Restricting the analysis to MCI participants resulted in a similar pattern of findings except that the correlations between executive function and right caudal middle frontal lobe and right superior frontal regions were no longer significant, whereas a significant correlation emerged between executive function and the right lateral orbitofrontal region (r = 0.16).
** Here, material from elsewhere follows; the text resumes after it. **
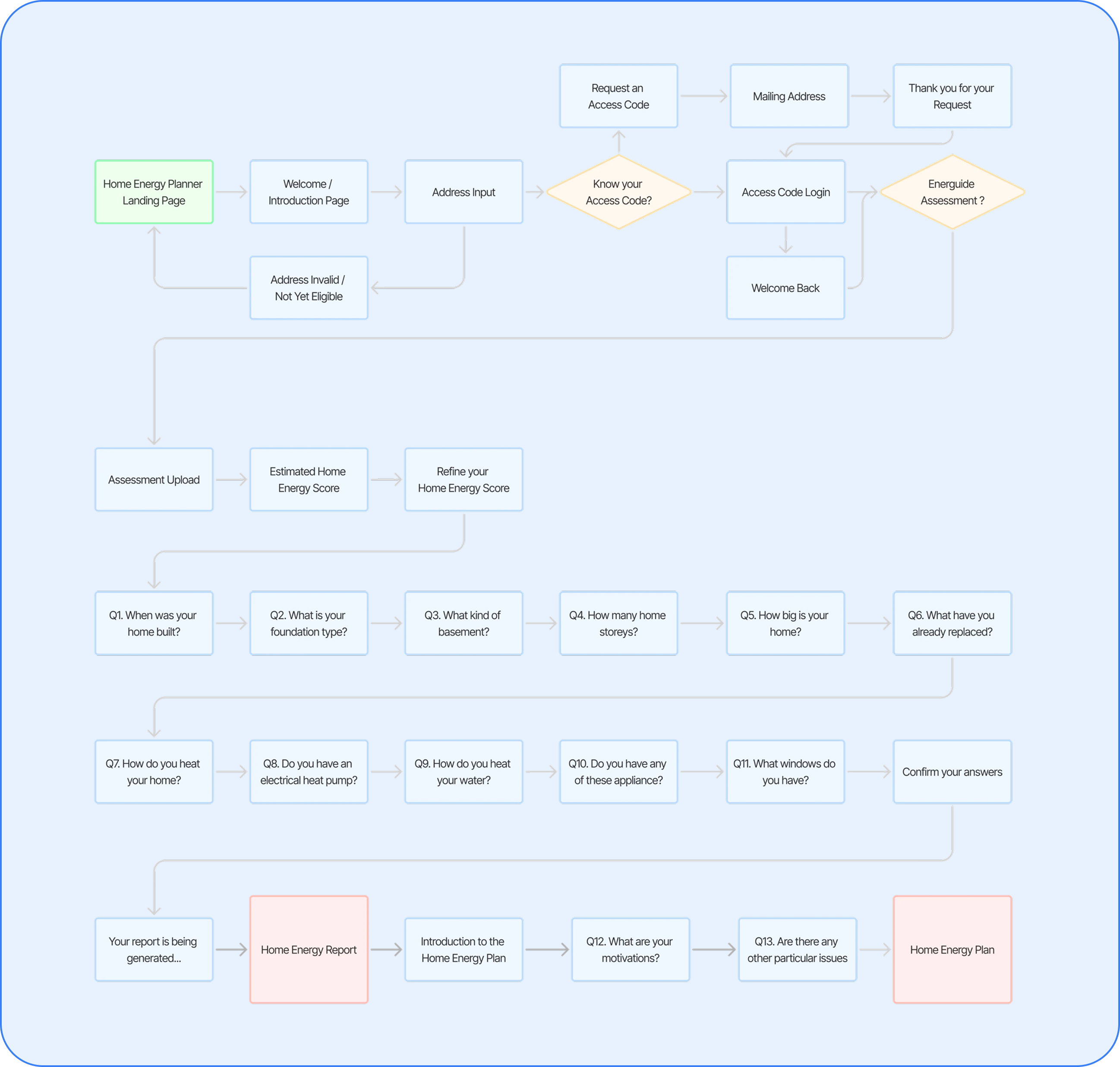 After multiple iterations and consultations with public sector stakeholders, as well as research into the underlying calculation model, alignment on the structure of the BC Home Energy Planner was reached and illustrated through an user flow.

To examine the relationship between memory and morphometric measures, we performed partial correlations controlling for the effect of average left and right hippocampal volume (standardized residuals) on all participants. Results are presented in Table 3. Briefly, after controlling for the effect of bilateral hippocampal volume, PCC but not ACC thickness was significantly correlated with LM I and AVLT total learning scores (r's = 0.13 ~ 0.15). In addition, cortical thickness of several frontal regions, including bilateral caudal and rostral middle frontal, superior frontal, and pars orbitalis, was significantly correlated with verbal memory performance (r’s = 0.12 ~ 0.14), after controlling for the effect of bilateral hippocampal volumes. No regions were significantly related to LM retention, AVLT LD recall, or recognition discriminability.
Table 3
Table 3
Partial correlation coefficients between learning and memory function and cortical thickness of frontal lobe regions and cingulate gyrus using the full cohort after controlling for the effect of bilateral hippocampal volumes
Restricting the analysis to MCI participants resulted in fewer significant correlations compared with the results obtained based on the full cohort (Supplementary Table 2). Specifically, the LM I and LM II were no longer significantly correlated with any of the ROIs analyzed. A similar pattern of results, however, was observed for the AVLT total score and AVLT SD recall (r’s = 0.16 ~ 0.20). For example, even after restricting subjects to those with MCI only, significant positive relationships were observed between AVLT Total score and thickness in the bilateral PCC but not ACC and in bilateral rostral middle frontal areas.
One-Year Clinical Follow-up
Clinical outcome data of the 1-year follow-up were available for 327 MCI participants (147 MCI HEF individuals and 180 MCI LEF individuals). As post hoc analyses, we examined the proportion of MCI individuals who have progressed into AD over 1-year follow-up. The result showed that significantly more MCI LEF individuals (47 of 180 participants; 26.1%) converted to a clinical diagnosis of probable AD after 1 year than MCI HEF individuals (17 of 147 participants; 11.6%; χ21, N = 327 = 10.88, P < 0.005).
In this study, we examined the influence of executive function on memory performance in amnestic MCI based on the assumption that amnestic MCI is a heterogeneous population and that multiple factors may contribute to the observed memory impairment in these individuals. To that end, we examined the relationship between morphometric measures and cognition (i.e., memory and executive function). Results showed that executive function modulates some aspects of memory ability and that MCI individuals with poorer executive function demonstrate greater thinning in frontal and cingulate cortices relative to those with HEF. Further, thinning in these areas was related to memory performance beyond effects attributable to hippocampal atrophy.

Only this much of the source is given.